> > 2) If you imagine the mind as a landscape of peaks and valleys and mutations
> > occuring which randomly move the replicators around the landscape, can you
> > see how it is impossible to get stuck in a local optimum? Mutations are
> > random, they don't seek out global or local optima, they just move their
> > replicators around randomly.
> Easy!
> Local maxima: points where the gradient of the evaluation function for
> relative survival is 0, and all local orthonormal frames have the
> survival function decreasing on all basis vectors. [This is a fancy way
> of saying 'locally optimal solutions that Natural selection ends up at'.]
>
> If the mutations don't go far enough, they will wipe before finding any
> nearby [improved] local maximum.
Evolution is sneakier (is that a word?) than this.

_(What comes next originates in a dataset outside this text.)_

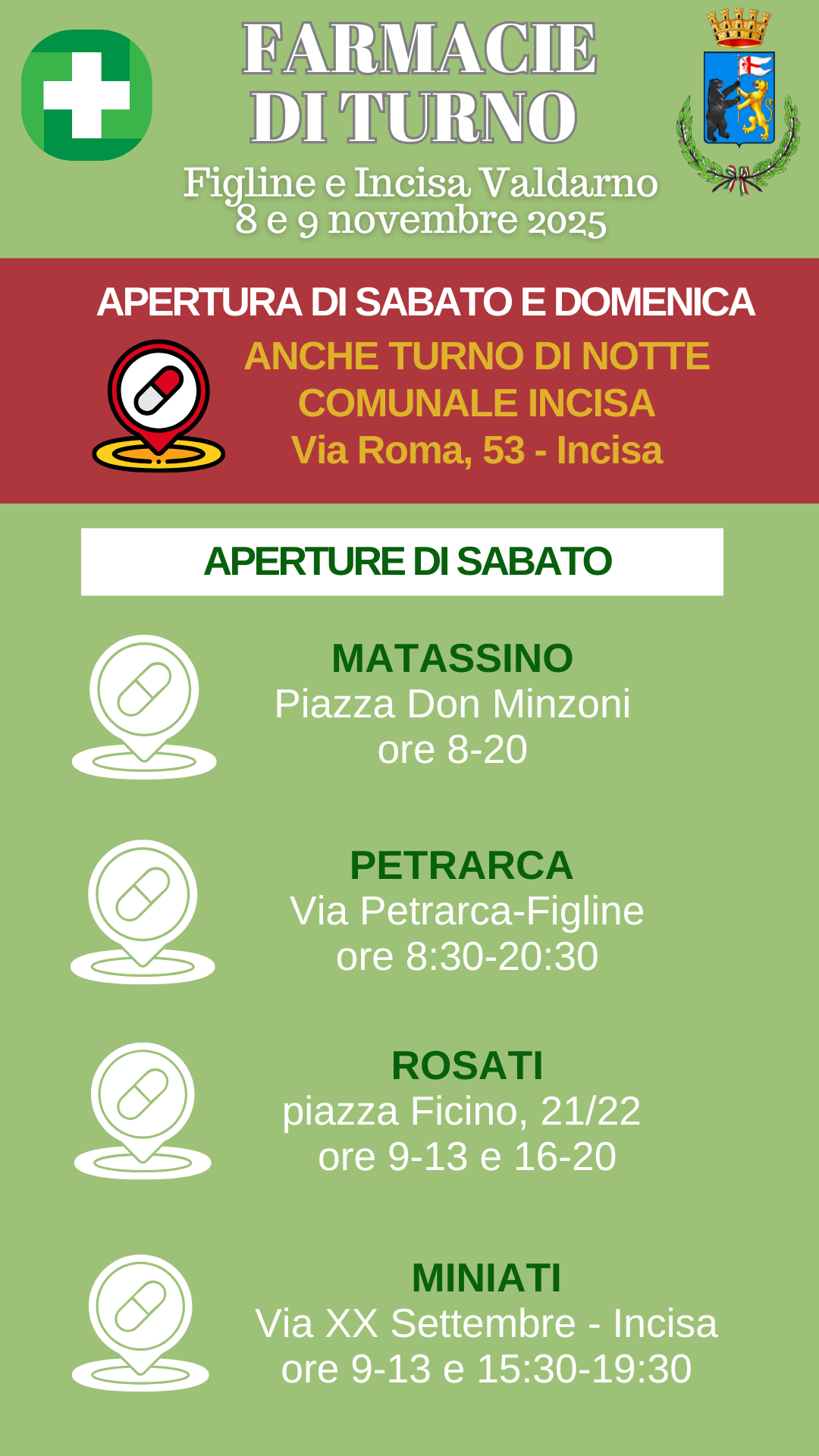 Ecco di seguito le farmacie di turno aperte il fine settimana dell’8 e 9 novembre a Figline e Incisa Valdarno.

It'll mutate the
replicators and throw a new beast at the problem. If that doesn't work
it'll try again with another beast, and another, and another.

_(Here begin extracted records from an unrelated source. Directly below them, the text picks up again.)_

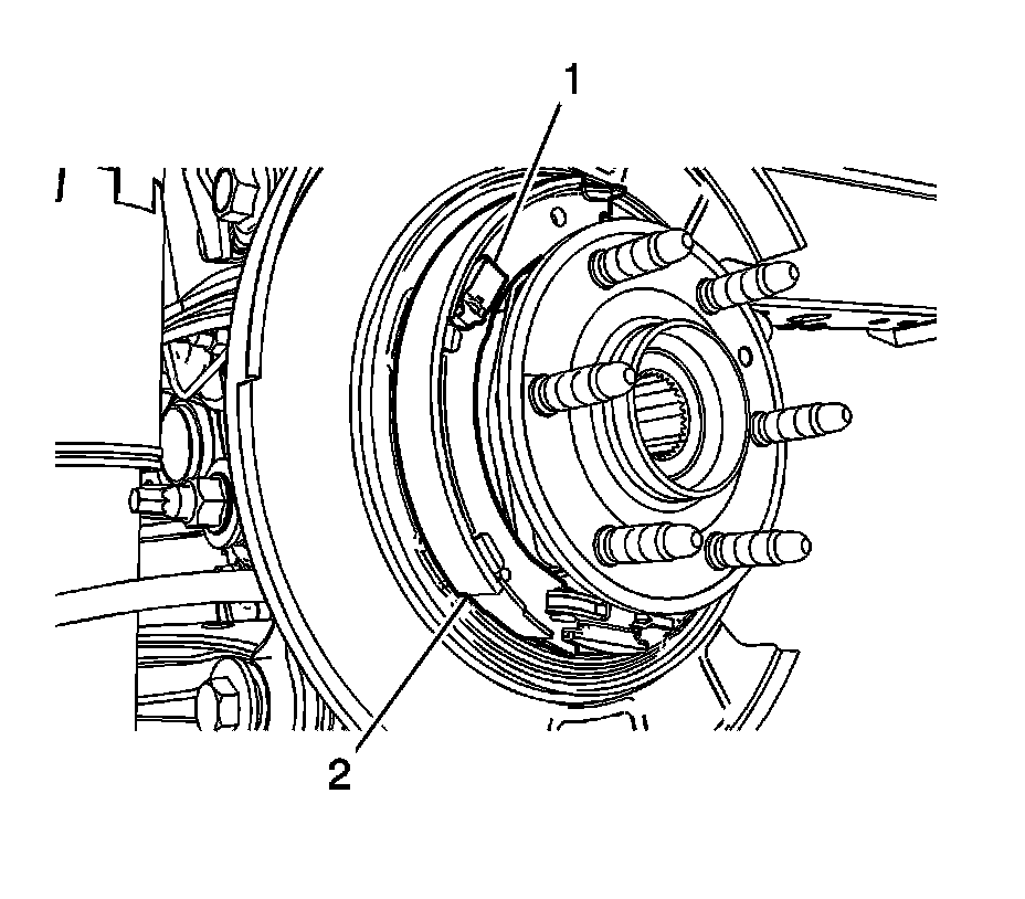4. Retract the park brake shoe adjuster to ease removal. Refer to Parking Brake Adjustment Adjustments.
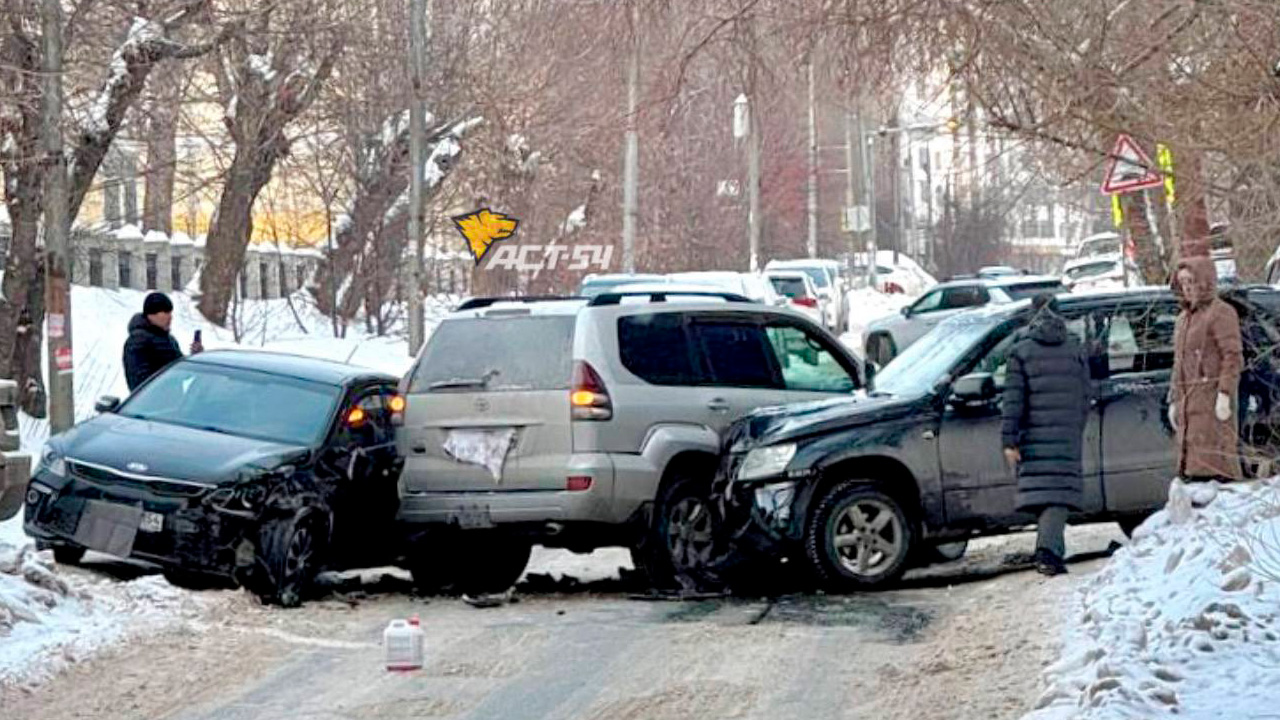 В Новосибирске произошло серьёзное ДТП с участием трёх автомобилей: внедорожников Suzuki Grand Vitara и Land Cruiser Prado, а также седана Kia Rio. Движение на дороге полностью перекрыто.
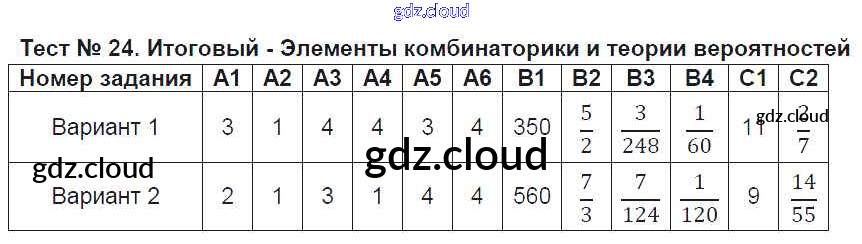 Ответ на задание Тест №24. Итоговый - Элементы комбинаторики и теории вероятностей Контрольно-измерительные материалы (КИМ) Алгебра за 9 (девятый) класс Мартышова 2015

Here's the secret. Not all mutation cause a change in the phenotype
of the replicator. Mutations occur and the beast remains at the same
spot on the fitness landscape. But _collections_ of "useless" mutations
can combine to create a valuable mutation (See Gould on this topic).
This combination creates a big jump that no single mutation can do by
itself. Evolution can continue this process ad infinitum until it finally
gets out. Evolution never gets stuck.
Also, in the real world, the fitness landscape is not static.